/ 31 August 2007

‘End Kenyan renditions’

Muslim faithful resolved this week to organise mass action, including street protests, beginning this Friday to compel the Kenyan government to end what they are calling extraordinary ”renditions” and holding terrorism suspects incommunicado.

The decision follows the disappearance last Sunday of a leading anti-rendition campaigner, Farah Mohammed Abdullahi, after he questioned the continued incarceration of his younger brother, Abdi Mohammed Abdullahi, in Somalia. Police arrested Abdi early this year on suspicion of being a key member of an al-Qaeda cell in Kenya.

Rendition — or the act of transferring terror suspects to detention camps outside their countries for interrogation — has become a fashionable means of flushing out potential terrorists and sidestepping run-ins with human rights activists.

Abdi Abdullahi was rendered to lawless Somalia, a known haven for al-Qaeda, where about 100 Kenyans suspected of involvement in terrorism are being held, according to a report published last month by the Muslim Human Rights Forum.

Lawyers representing the two brothers advised family members not to comment on the matter, lest the authorities target them for expressing solidarity with their kin.

A senior forum official, Al Amin Kimathi, said on Tuesday that Muslims in the East African nation are outraged ”by the selective manner they were being targeted in the war against terrorism”.

”Given the discriminatory manner of the arrests and renditions, we’re apprehensive that more arrests are on the way,” Kimathi told the Mail & Guardian when the human rights group met in Nairobi on Tuesday to plan its strategy to press for the release or repatriation of deportees.

The disappearance of Abdullahi, a Kenyan, brings to five the number of alleged terrorism suspects who have gone missing since June and who Muslim leaders suspect have been abducted by the anti-terrorism police unit and ”rendered” to either Ethiopia or Somalia or are being held incommunicado at secret locations.

His disappearance and subsequent condemnation by Muslim leaders has raised security concerns over imminent al-Qaeda reprisals in Nairobi and Mombasa, where security is on high alert.

The two cities bore the brunt of al-Qaeda-sponsored attacks in bombings in 1998 and 2002 in protest against Kenya’s cooperation with the United States and Britain on counter-terrorism activities.

The proximity of Mombasa to the Middle East and the porosity of Kenya’s Indian Ocean coastline have placed the country in the eye of international terrorism.

At the height of renditions in June this year, a hand grenade exploded at a busy Nairobi bus terminus, killing a bystander and injuring 40 others.

Police linked the grenade attack to recent government policy blocking Somali nationals seeking asylum from entering Kenya.

Kimathi said this week that Abdullahi might have been spirited out of the country to Ethiopia to join 26 other al-Qaeda suspects arrested in Kenya in April. ”We have petitioned the minister for internal security [John Michuki] to issue a statement over the arbitrary arrests and renditions of Muslim faithfuls without success.” He said he did not believe the US was involved in the incident.

”This is the work of the anti-terrorism police unit.
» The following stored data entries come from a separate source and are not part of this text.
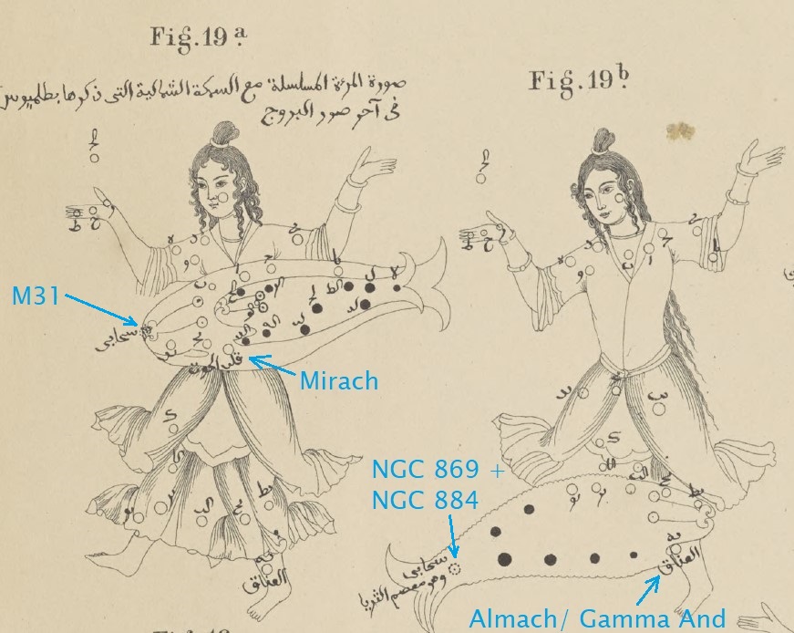 Cazul lui Andromeda este insa unul grav. Era denumita ''Femeia inlantuita'' dar si ''Femeia care n-a avut niciodata sot'' ! Modul in care este mentionata Marea Nebuloasa din Andromeda este interesant. Galaxia este folosita ca punct de reper pentru a lamuri o constelatie/ peste, introdusa de Ptolomeu. Aceasta mentionare in treacat (si ca punct de reper !) este un puternic indiciu ca galaxia era bine cunoscuta.
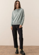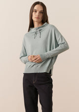 The Nucleus Drawcord Knit from POL Clothing features a wide funnel neckline with drawcord and full length sleeves with ribbed detail at cuffs and hemline. This relaxed fit top is made from a cotton and cashmere blend and is ideal for spring layering.
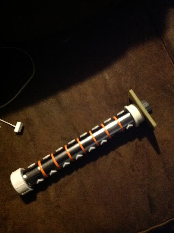 The last thing I will do to the body is a wrap with gray material not sure what I will use for that yet and still have alot more to do will post pics and show as I am making progress, I will be using 3.7V li-ion cell a heavy grade ultrasabers blade and guardian blue LED module more to come

From the scanty information we have, the US has nothing to do with the latest rendition,” he said.

”We are seeing a pattern that is developing where the police act as if they are a law unto themselves and the government does not even come to heed the cries to have the human rights and the legal rights of suspects adhered to,” Kimathi said.

Similar condemnation has come from the Kenya National Commission of Human Rights, a government body, which criticised the police this week for targeting Muslims.

So far, however, the Kenyan government appears to remain indifferent to the criticism from home and abroad, despite prompting from the media and parliament.

Since it supported last year’s US-backed Ethiopian ousting of the Islamic Courts Union in neighbouring Somalia, the Kenyan government has come under stinging criticism for human rights violations.

A report commissioned by the human rights commission and the forum and published last month notes: ”The Kenya government … facilitated the invasion of Somalia by Ethiopian forces that launched their forays from within Kenyan territory … This enabled the Ethiopian ground forces to rout the erstwhile Union of Islamic Courts (UIC) fighters with the aid of US aerial bombardments that resulted in heavy civilian casualties.”

It adds: ”Perhaps most diabolical for the Kenyan government was its role in the rendition to Somalia of at least 20 Kenyans [since January], alongside the detained foreigners and the extraordinary rendition of the Kenyan sent to Guantanamo Bay.”

The nationalities of those who have been rendered by the Kenyan government include citizens of the US, Britain, France, Canada, Sweden, Ethiopia, Eritrea, Tunisia, Oman, Yemen, Rwanda, Tanzania, Saudi Arabia, the United Arab Emirates, Sudan, Uganda, Syria, the Comoros Islands, Morocco and Jordan.